Meski Neraca Perdagangan Surplus, Itu Bukan Tanda Ekonomi Telah Pulih

JAKARTA - Meski Indonesia mencatat surplus pada neraca perdagangan di bulan Juli 2020, hal tersebut dianggap belum menjadi pertanda pulihnya ekonomi di tengah pandemi COVID-19.

Seperti diketahui, Badan Pusat Statistik (BPS) mencatat neraca perdagangan Juli 2020 surplus 3,26 miliar dolar AS, atau lebih tinggi dari bulan sebelumnya yang sebesar 1,27 miliar dolar AS. Capaian ini diperoleh dari ekspor sebesar 13,73 miliar dolar AS yang lebih tinggi dari impor sebesar 10,47 miliar dolar AS selama Juli 2020.

BPS melaporkan ekspor Juli 2020 naik 14,33 persen dibanding Juni 2020. Namun, ekspor secara tahunan mengalami penurunan 9,90 persen dari 15,24 miliar dolar AS pada Juli 2019. Hal tersebut dipicu oleh penurunan ekspor migas yang penurunan hingga 49,69 persen secara year on year (yoy).
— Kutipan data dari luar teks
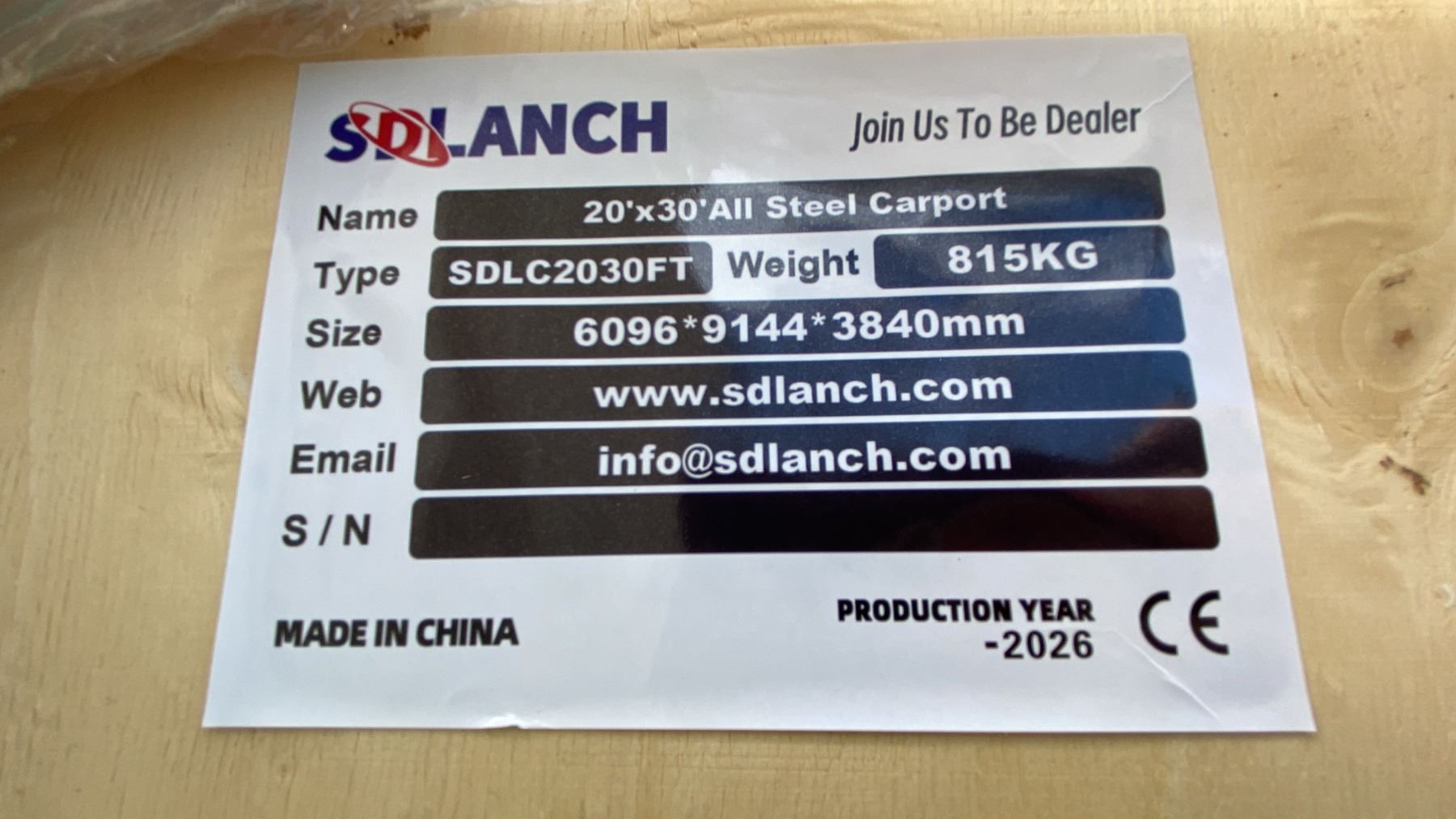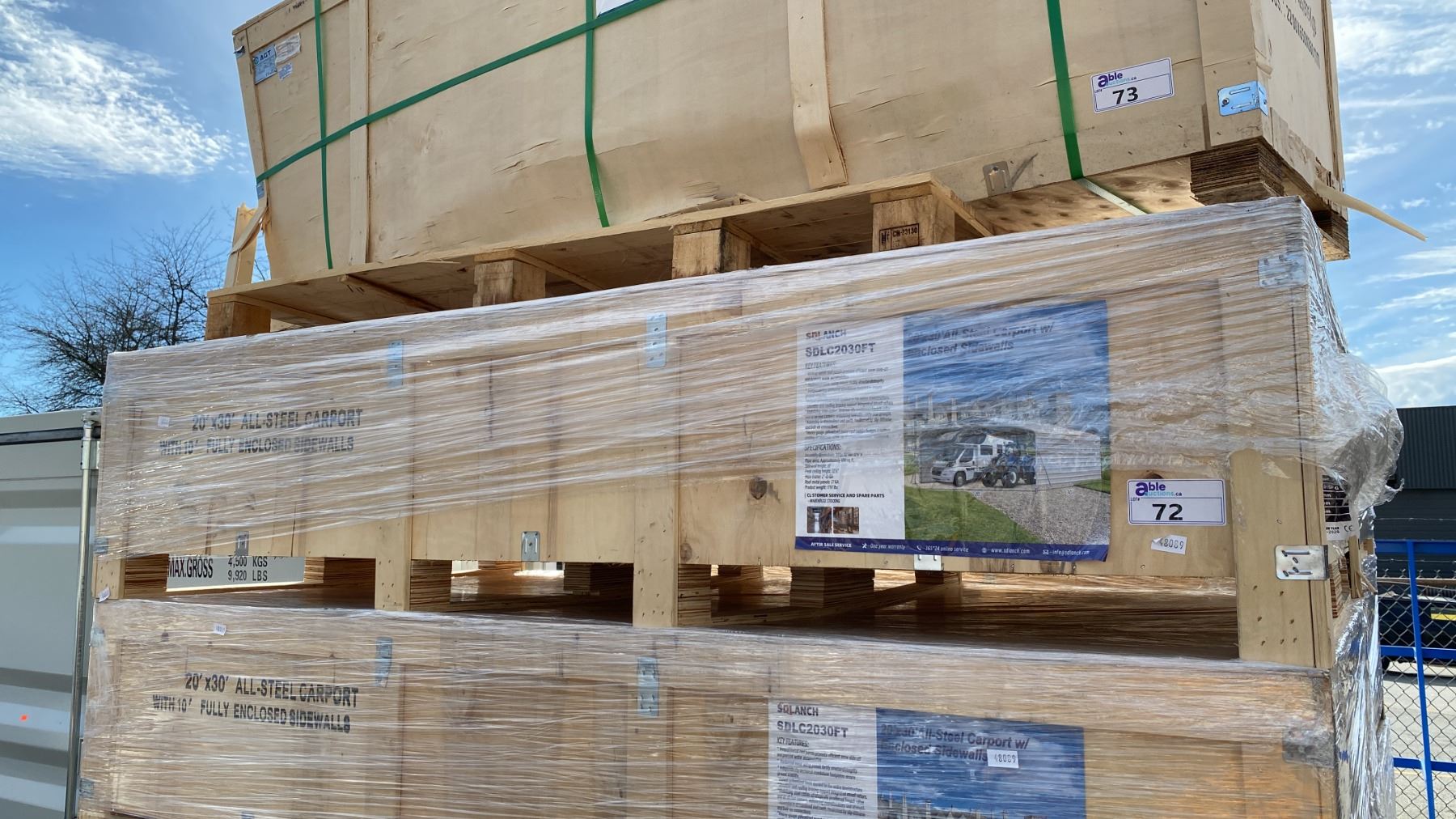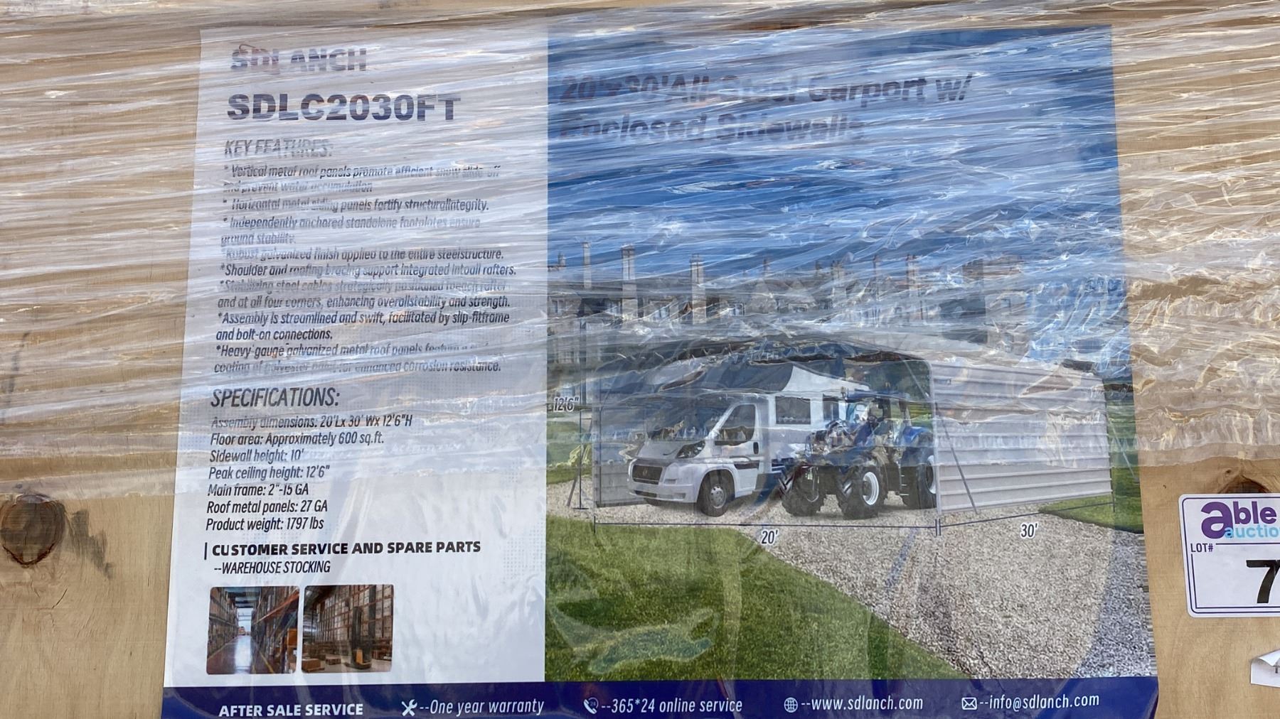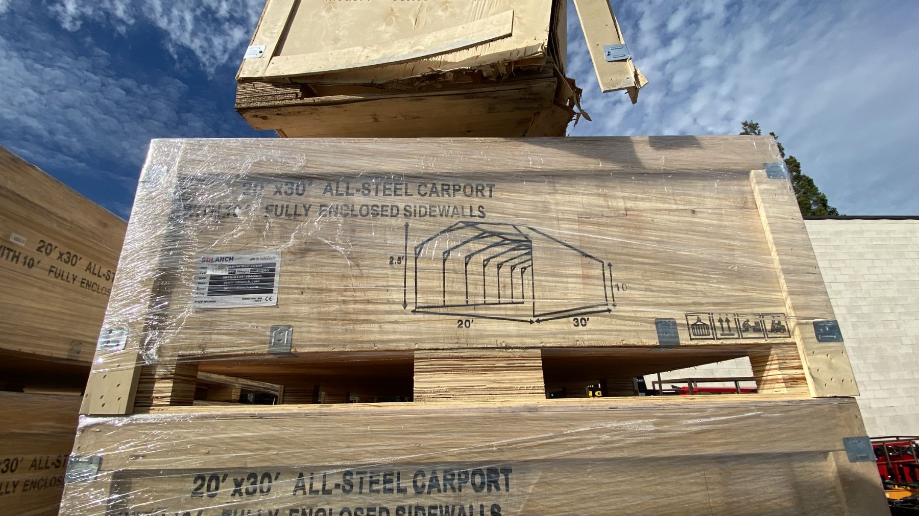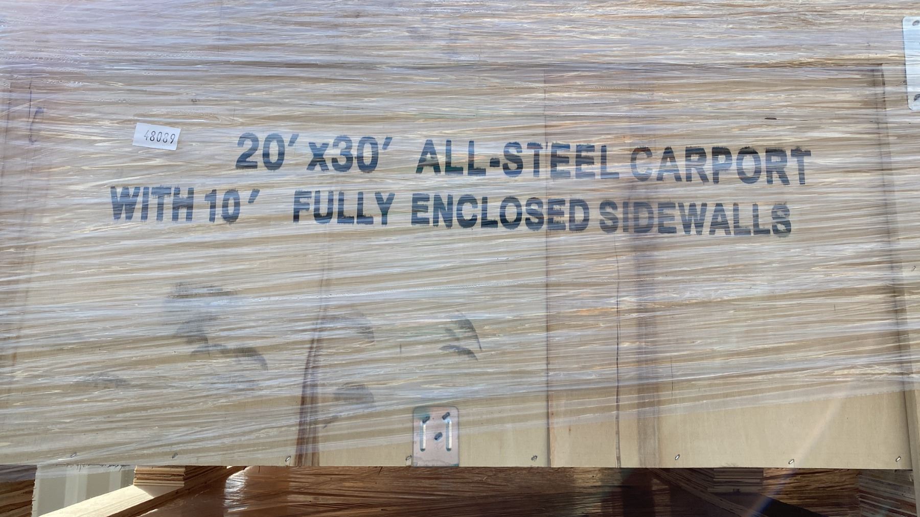 SDLANCH SDLC2030FT 20' X 30' ALL STEEL CARPORT WITH ENCLOSED SIDEWALLS IN WOODEN CRATE APPROX WEIGHT 1800 LBS CRATE MEASURES APPROX 88"L X 47"W X 20"H *LAST DAY REMOVAL*

Sementara dari sisi impor, pada Juli 2020 mengalami penurunan 32,55 persen menjadi 15,52 miliar dolar AS dibandingkan periode yang sama tahun lalu. Jika dirinci, impor penggunaan barang mengalami penurunan serentak dengan kontribusi terbesar dipimpin oleh penurunan bahan baku/penolong 34,46 persen, impor barang modal turun 29,25 persen, dan impor barang konsumsi turun 24,11 persen (yoy).

Namun, secara bulanan, impor barang modal pada Juli 2020 mengalami kenaikan 10,82 persen dibandingkan bulan sebelumnya.

Ekspor Juli 2020 juga tidak terlalu luar biasa dibandingkan dengan sebelum pandemi COVID-19. Ekspor pada Juli 2020 tersebut didorong oleh dua negara tujuan ekspor seperti China yang ekonominya mulai pulih dan Amerika Serikat yang melakukan relaksasi.

Direktur Eksekutif Indef Tauhid Ahmad mengatakan, berbicara Indonesia, masih terlalu dini untuk bilang bahwa ekonomi Tanah Air telah pulih. Apalagi menurutnya impor bahan baku penolong yang berkontribusi di atas 70 persen masih turun.

"Saya kira kita ekonomi Indonesia masih tertekan. Meskipun ada pemulihan yang relatif kecil," katanya, Rabu 19 Agustus.

Tauhid mengatakan yang menunjukkan ekonomi mulai pulih adalah ketika arah neraca perdagangan semakin berimbang dengan impor yang cukup tinggi.

"Karena kita melakukan re-ekspor bahan baku yang biasanya diolah kembali menjadi komoditas ekspor seperti tekstil, alas kaki, sampai dengan industri otomotif," jelasnya.

Melihat dari jenis impor, paling dominan pada peralatan semperti mesin untuk kepentingan dalam negeri. Artinya, pertumbuhan masih didorong aktivitas di level domestik belum ada ekspansi di luar negeri.